その事実を知っているからこそ、妃翠は困惑したのだ。小乃刃の事情を知るのはごくわずかだ。まだ、彼の神を想っているからこその配慮なのか、それとも彼女自身の問題なのか。
妃翠の表情に小乃刃は心配するなと笑ってみせる。それがまた、彼女を不安にさせるとも知らずに。
「先輩!大変です!」
ソラの緊迫した声に2人はハッとした。妃翠がヘッドフォンをつけ直し、パソコン画面を見て、驚いた。そして、無理やり口角を上げて笑った。喉から乾いた声が漏れる。

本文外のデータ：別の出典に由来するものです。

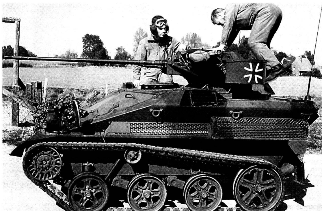
Un Wiesel dei parà tedeschi; una Brigata aeromobile fa parte della Divisione multinazionale che opererà nell'ambito delle Forze di Reazione Rapida.
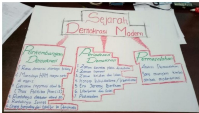
Gambar 3. Contoh Lesson Design Siklus 2

Pada siklus 1 , pelaksanaan untuk diskusi berlangsung pasif dan mahasiswa masih kurang menguasai materi. Beberapa mahasiswa datang terlambat dan teamwork yang dilaksanakan di kelas juga berjalan kurang baik dengan mahasiswa yang diidentifikasi sebagai aktifis yang lebih menguasai diskusi di kelas. Perlu pembenahan pada aspek perencanaan dengan mengedepankan clue yang lebih update dan bahan diskusi yang lebih mudah dicerna dibandingkan dengan bahan Teori Demokrasi Klasik. Observer banyak memberikan kelemahan-kelemahan, terutama sektor perencanaan, dan intervensi dosen dalam pelaksanaan diskusi.
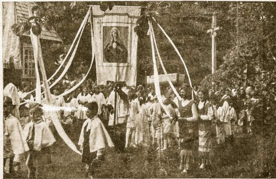
Velykų procesija Lietuvoje. Junkimės prie jos nors mintimi!

Rumunijos princesė Ileana, kuri prieš 42 metus pabėgo nuo komunistų iš savo krašto, tapo vienuole ir šiuo metu yra vienuolyno vyriausiąja Motina Aleksandra Ellwood City, Pensylvanijos valstijoje. Ji yra Anglijos karalienės Viktorijos ir Rusijos caro Aleksandro vaikaitė.

「ハハ…第三波が、第二波より規模がデカイなんて聞いてない」
妃翠が見るパソコン画面には『忌鬼』と『アラーヴァ』を表す赤い無数のアイコンが戦闘支部の前に現れていた。戦闘支部は今までの第二波でかなり疲労困憊状態だ。もう数名が怪我のために撤退している。中に突入して行った彼らが帰って来るまでの辛抱だが、その『忌鬼』達は中にまで侵入しようとしていた。戦闘支部の合間を縫って中に侵入し、作戦の邪魔をする気か。
バンッ!と妃翠は机に拳を叩きつけた。
「此処で、終わってたまるか…後輩ちゃん!出れそうなやつに連絡をいr「私が行く」!?」
遮られた声に妃翠とソラは振り返った。そこにいるのは小乃刃だけ。真剣な瞳で行くと告げている。
「でも朱鳥ちゃん、『禁忌』が来ないだなんて保証はどこにもないんだぞ?!もし外に『禁忌』が出てきたら朱鳥ちゃんは……!」
妃翠はその後の言葉を苦痛の表情で飲み込んだ。もし、『禁忌』が出てきたら飛鳥は万事休す、だ。周りでは第三波への対抗策をどうにかして出そうとオペレーター部隊が様々なところへ通信を飛ばしている。が、良い返事は出てきていないらしい、苦痛の表情が歪んでいる。それを横目で確認し、小乃刃はまたもや大丈夫、と頷いた。その言葉に妃翠は今度こそ、戸惑った。一人で彼女を行かせるわけにはいかない。どうする?
迷う妃翠を肯定と捉えた小乃刃はくるりと背を向けて扉に向かって歩き出す。考え中でそれが視界に入っていながらも見ていない状態の妃翠を見かねてソラが声を急いでかけようとしたその時、小乃刃よりも先に扉が開き、廊下の光が入ってきた。そこに立つ人物に今度は小乃刃が驚く番だった。
「お前…」
〈話は聞いた。それってさ、俺と結べばいい話だよな?朱鳥〉
そこにいたのは戦闘支部第十部隊『神樂』の担当医である朝陽だった。逆行でその表情は分からないが声色から真剣だという事が分かる。
「医者であるお前が行くべきところではない」
〈俺、これでも兄弟の中では一、二を争うくらいには戦闘能力あるぜ?朱鳥の力にもなれるしな〉
にっこりと笑って言う朝陽。小乃刃は困ったように顔を歪めた。またあの時のように失いたくはない。それが顔に出ていたのか背後で妃翠とソラが心配そうに顔をしかめた。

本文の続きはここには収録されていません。